Developing a program that has been at ground zero and remained firmly entrenched in mediocrity, regardless of the temporary custodian, is past challenging. The task is fraught with naysayers who are typically filled with negative expectations, replete with energy and time necessities that can tax even the most vibrant, and is dependent on the patience and perception of others, who can see the progress more so than the struggle.
It is exceptionally difficult to take a program to new heights, but this happens enough times that such an accomplishment is not mistakenly labeled a miracle. This phenomenon of upward success is less common than the recycled failure that continues to surround familiar programs. It is the opinion of the author that rebuilding/developing a program at the major college level is exponentially more difficult than a similar challenge at the high school level, and even slightly more difficult than rebuilding a professional program.
Being difficult does not mean impossible. And so, this final article in the series ties the themes of change, cognitive functions, and success together in a discussion of program development. There are assumptions that must be stated beforehand. First, all facilities and talent are not equal. Second, some institutions have an academic climate historically more hostile to athletics and the associated university programs. Finally, the vision and logical progression of program development must be addressed rapidly upon taking over a program. Perhaps, even as an initial task upon employment.

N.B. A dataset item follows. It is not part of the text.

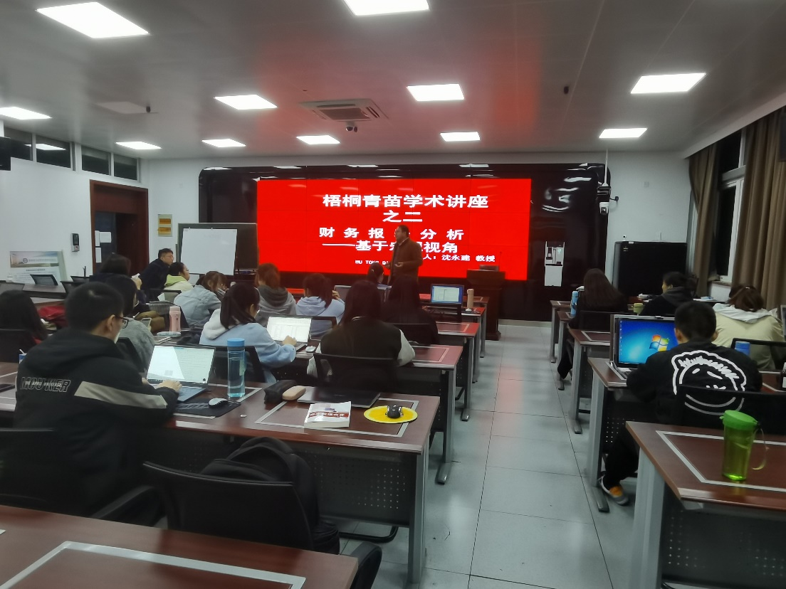 11月12日晚18:30~20:30,欢迎光临888集团在专二S209举办了第二期“梧桐青苗”学术训练营讲座之二——广义财务报表分析,本次讲座由欢迎光临888集团沈永建教授主讲,线上线下同时进行,欢迎光临888集团众多本科生及研究生参加了此次学术训练营讲座。
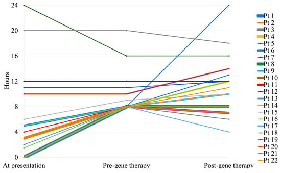 Hours off ventilation per day at presentation, before, and after gene therapy. Pt: Patient.

The above premises are related to the executive functions discussed in article two, cognitive functions. Except this time it is the coaching staff who will be challenged for solutions, not the players. Any coaching staff developing a dead horse program comes in with a vision, but the vision must be implemented. Assuming adequate, not superior, resources, the king of any executive function in developing a program is clearly management. Management is always talked about, but fans assume most coaches have the same approximate level of management. This is patently incorrect. Just like some coaches have more knowledge than their peers, some coaches excel at management. It is nearly impossible to advance the low-lying program without superior management from the very start. The window of opportunity is shorter in such circumstances. Forget on the job training for management that is for the young assistants learning at the hand of the master.